L’actuel consultant pour Canal+ International l’admet bien volontiers, rarement il avait vu une telle animation offensive au Racing. Même pendant son passage et la fameuse saison 2004-2005 d’un certain duo Pagis-Niang. Les deux avaient alors respectivement planté 15 et 12 buts… « En termes de talent et sans faire injure à personne, ils étaient au-dessus des attaquants actuels, reprend-il. Mais on s’appuyait beaucoup sur eux devant et dès qu’il en manquait un, ça se sentait. Cette saison, on voit que ça tourne toujours, même s’il y a des absents. »

Habib Diallo parti à la Coupe d'Afrique des nations, Kévin Gameiro a ainsi pris le relais avec 4 réalisations sur les 3 derniers matchs. « Lui, c’est un top joueur », réagit David Zitelli, qui savait aussi faire trembler les filets en son temps. En 1996-1997, c’était arrivé 19 fois, avec un Pascal Nouma pas en reste (14 buts). « On jouait en 4-4-2 et tout le monde faisait très bien son boulot.
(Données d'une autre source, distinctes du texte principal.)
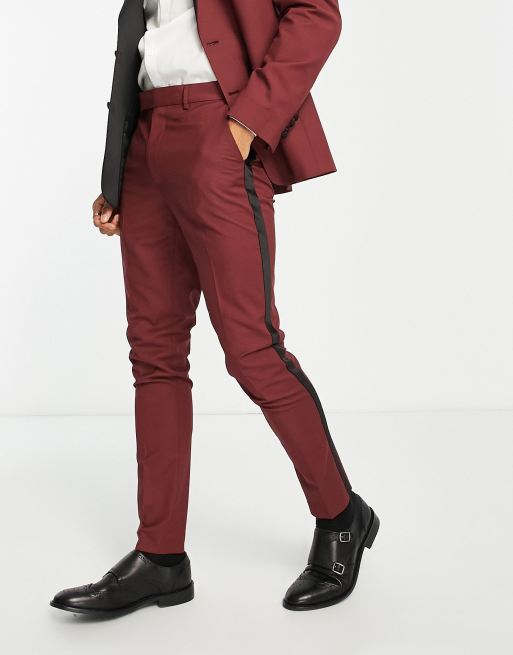 ASOS DESIGN – Vinröda smokingbyxor med extra smal passform

Pascal et moi, on avait juste à en profiter », minimise-t-il en citant quelques partenaires facilitateurs. « Gérald Baticle qui nous donnait des caviars, Olivier Dacourt qui avait un talent fou ou Alexander Mostovoï la saison d’avant, un virtuose. Fallait être réveillé avec lui ! »

Cette année, les passes décisives arrivent de plusieurs joueurs, Ibrahima Sissoko (5), Adrien Thomasson (4), Ludovic Ajorque (4) notamment. De quoi accréditer l’image d’une attaque protéiforme qui régale chaque week-end. Jusqu’à quand ? « Je leur souhaite de battre notre record de 70 buts en 1978, ça voudra dire qu’on aura encore vu du spectacle », conclut Albert Gemmrich.